Joe Becker Stadium
- Interactive map of Joe Becker Stadium
- Location: 1301 E. 3rd Street Joplin, MO 64801
- Coordinates: 37°05′20″N 94°29′56″W﻿ / ﻿37.08883°N 94.49883°W
- Owner: City of Joplin
- Capacity: 4,200
- Surface: Infield turf, Outfield grass

Construction
- Opened: 1913

Tenants
- Joplin Outlaws (MINK) (2017–present) Joplin Blasters (AA) (2015–2016) MSSU Lions (college) (1966–2014) Joplin Miners (1917–1954)

= Joe Becker Stadium =

Baseball stadium in Joplin, Missouri

Joe Becker Stadium is an American baseball ballpark, built in 1913, located in Joplin, Missouri. The stadium has burned down twice, the first time in 1936 and the second time in 1971. The stadium currently has seating capacity of 4,200 as the home of the Joplin Outlaws of the summer collegiate Mid-America League.

==History==
The original tenants were the Joplin Miners, a longtime minor league affiliate of the New York Yankees. Whitey Herzog and fellow Hall of Fame inductee Mickey Mantle played for the Miners.

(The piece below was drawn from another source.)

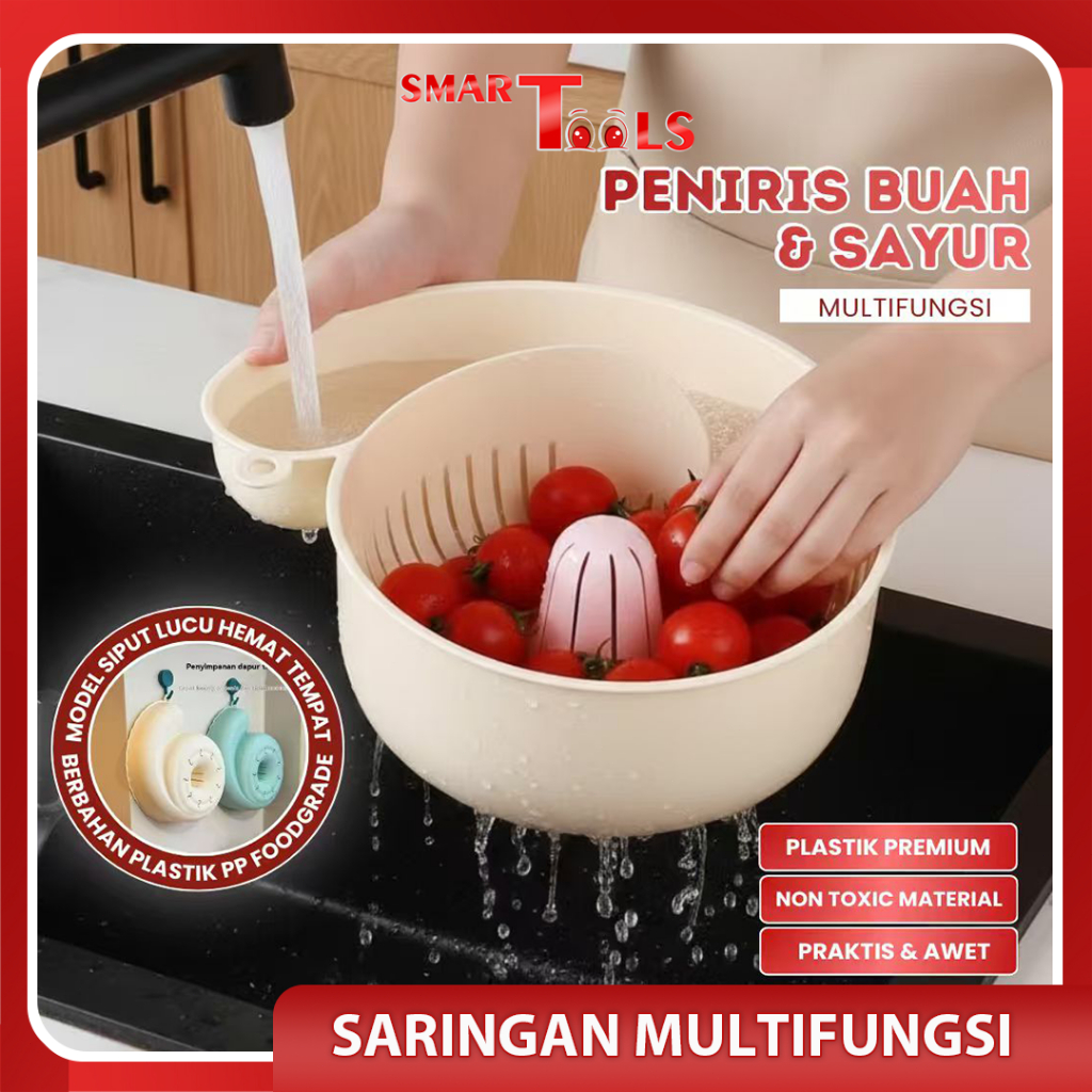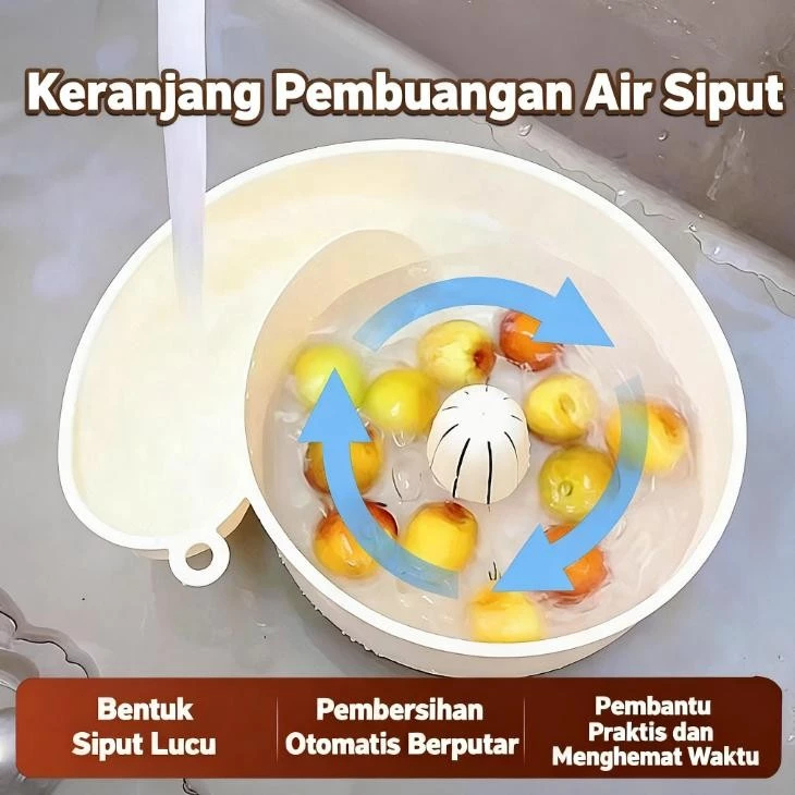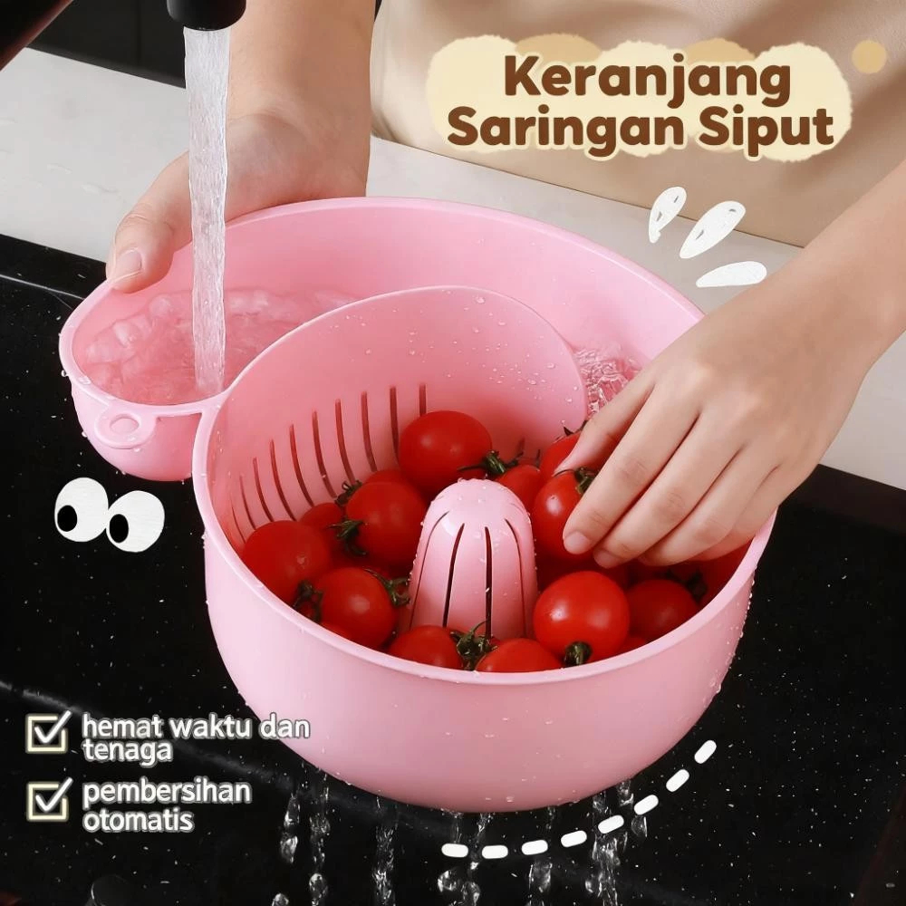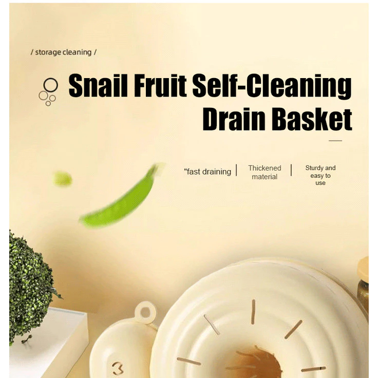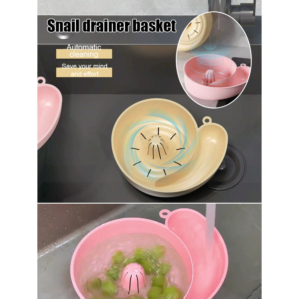 SmartTools - Keranjang / Tempat Cuci Buah Otomatis Karakter Siput / Bentuk Siput Lucu Multifungsi (Cuci Buah, Tiriskan, Saring Beras) Gantung di Dapur / Hemat Tempat(COD)

Other team monikers have included the Joplin Blasters minor league baseball team and the current Joplin Outlaws collegiate summer baseball team. The Missouri Southern State University baseball team played there through 2014 before relocating to an on-campus stadium in 2015.

In April 1920, Baseball Hall of Fame inductee Ty Cobb and his Detroit Tigers played an exhibition game against the Miners at Joe Becker Stadium.

==Renovations and tenants==
In January 2014, the El Paso Diablos of the American Association of Independent Professional Baseball relocated to Joplin in exchange for improvements to the stadium's seating, restrooms, lighting, and other infrastructure. They began play in the 2015 season as the Joplin Blasters. A $4.7 million reconstruction of the stadium by Hanson Sports, Corner Greer Architects, and Crossland Construction began in September 2014 which saw the installation of new lighting and fixed seating for 2,400, renovation of restrooms, locker rooms, and team dugouts, plus the addition of concession stands, merchandise sales space, and modern ticket booths.

In 2016, the Blasters closed offices and left Joplin and in 2017, the stadium became home to the Joplin Outlaws of the MINK League, as a collegiate wood-bat team. In 2024, the Outlaws changed leagues, from the MINK League to the Mid-America League.